(Exercise inputs)
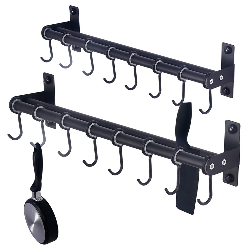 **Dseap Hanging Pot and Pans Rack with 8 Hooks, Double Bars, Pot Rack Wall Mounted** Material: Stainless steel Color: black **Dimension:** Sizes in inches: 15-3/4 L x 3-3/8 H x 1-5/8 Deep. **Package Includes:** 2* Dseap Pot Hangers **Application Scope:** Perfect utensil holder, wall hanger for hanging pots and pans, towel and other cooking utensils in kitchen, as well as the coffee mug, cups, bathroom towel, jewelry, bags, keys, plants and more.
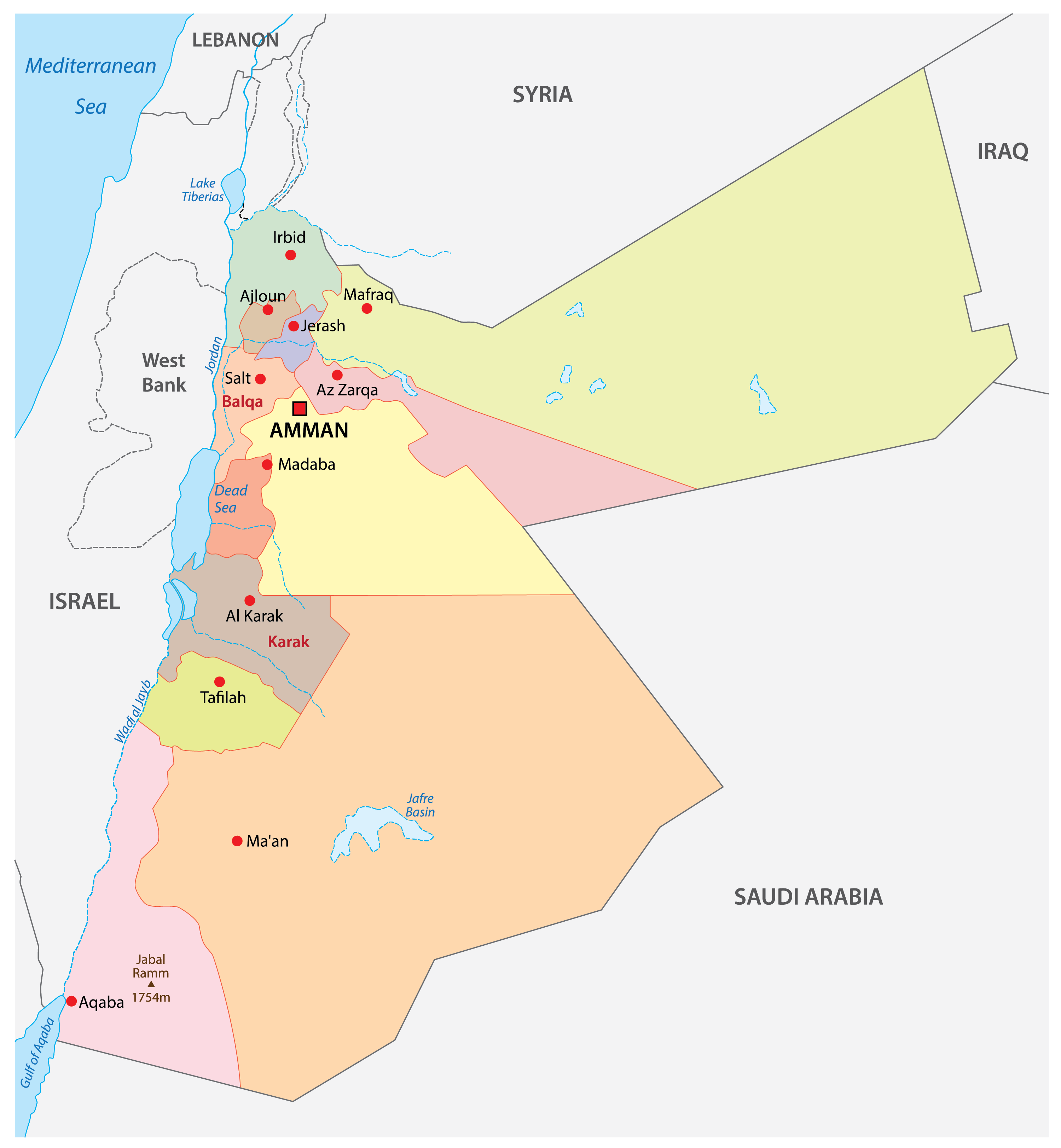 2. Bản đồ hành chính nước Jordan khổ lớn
(End Exercise inputs)
(Exercise inputs)
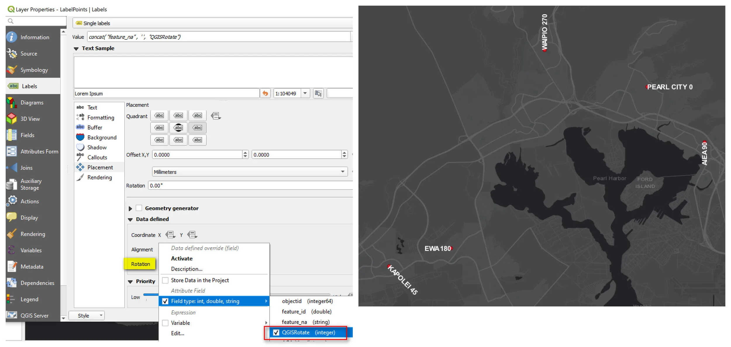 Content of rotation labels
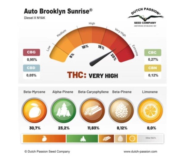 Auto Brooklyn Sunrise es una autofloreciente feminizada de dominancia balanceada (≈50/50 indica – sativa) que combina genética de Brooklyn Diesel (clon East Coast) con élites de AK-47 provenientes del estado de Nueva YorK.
(End Exercise inputs)
[Exercise goal] Word for word, write out the lines above running from the one with "plants and more." up to and including the one with "2. Bản đồ hành chính nước Jordan khổ lớn". Drop any picture.

[Answer section]
 **Dseap Hanging Pot and Pans Rack with 8 Hooks, Double Bars, Pot Rack Wall Mounted** Material: Stainless steel Color: black **Dimension:** Sizes in inches: 15-3/4 L x 3-3/8 H x 1-5/8 Deep. **Package Includes:** 2* Dseap Pot Hangers **Application Scope:** Perfect utensil holder, wall hanger for hanging pots and pans, towel and other cooking utensils in kitchen, as well as the coffee mug, cups, bathroom towel, jewelry, bags, keys, plants and more.
 2. Bản đồ hành chính nước Jordan khổ lớn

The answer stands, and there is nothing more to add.